What the task requires:
With the pictures excluded, reproduce all of the data exactly.

━━ Material provided

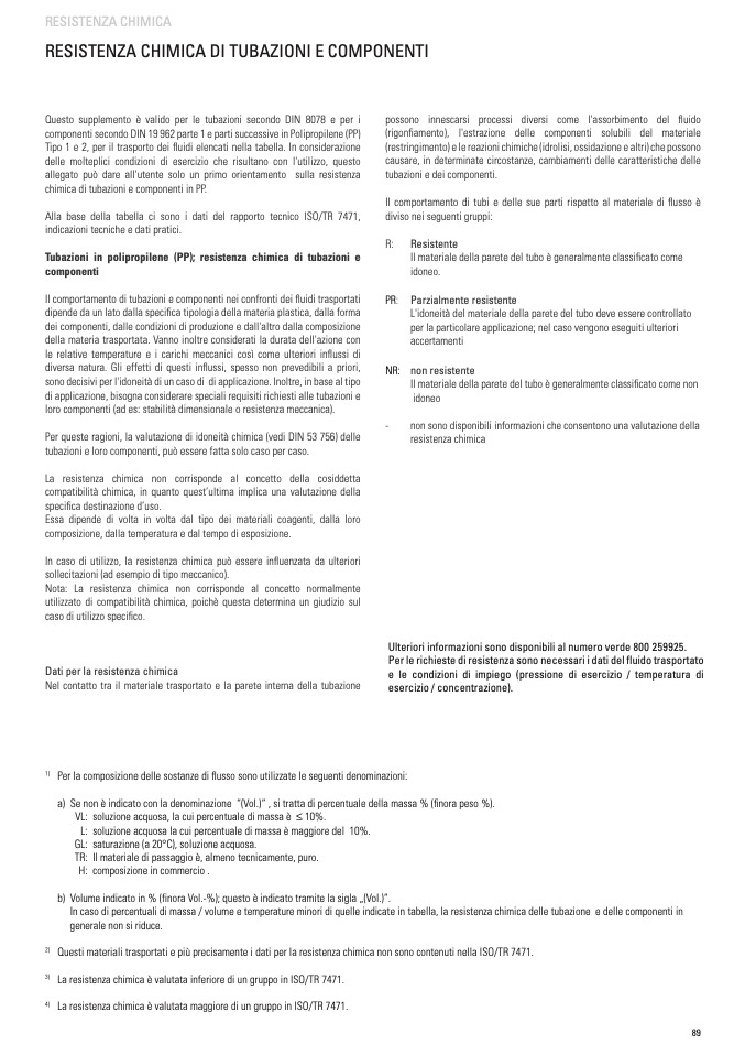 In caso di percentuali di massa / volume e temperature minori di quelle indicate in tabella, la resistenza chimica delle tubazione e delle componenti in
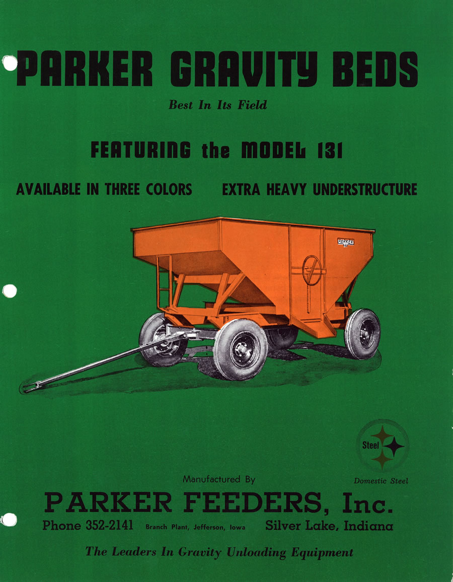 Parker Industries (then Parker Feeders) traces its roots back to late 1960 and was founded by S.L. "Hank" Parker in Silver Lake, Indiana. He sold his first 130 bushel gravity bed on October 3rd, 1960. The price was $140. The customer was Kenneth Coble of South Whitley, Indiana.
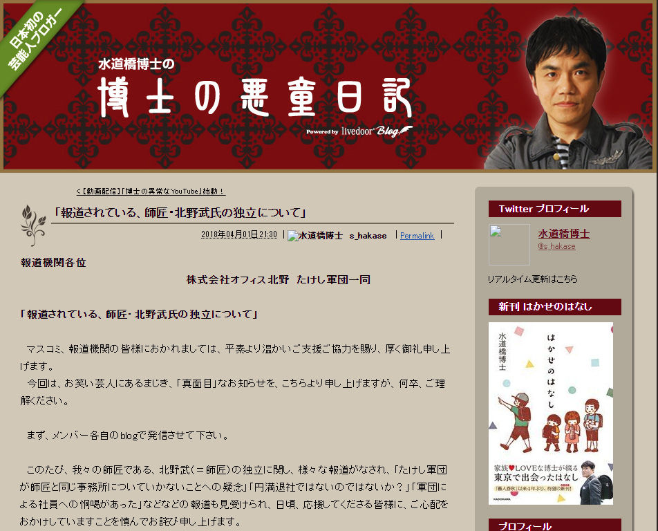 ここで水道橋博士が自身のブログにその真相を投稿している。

━━━━

Your response:
 In caso di percentuali di massa / volume e temperature minori di quelle indicate in tabella, la resistenza chimica delle tubazione e delle componenti in
 Parker Industries (then Parker Feeders) traces its roots back to late 1960 and was founded by S.L. "Hank" Parker in Silver Lake, Indiana. He sold his first 130 bushel gravity bed on October 3rd, 1960. The price was $140. The customer was Kenneth Coble of South Whitley, Indiana.
 ここで水道橋博士が自身のブログにその真相を投稿している。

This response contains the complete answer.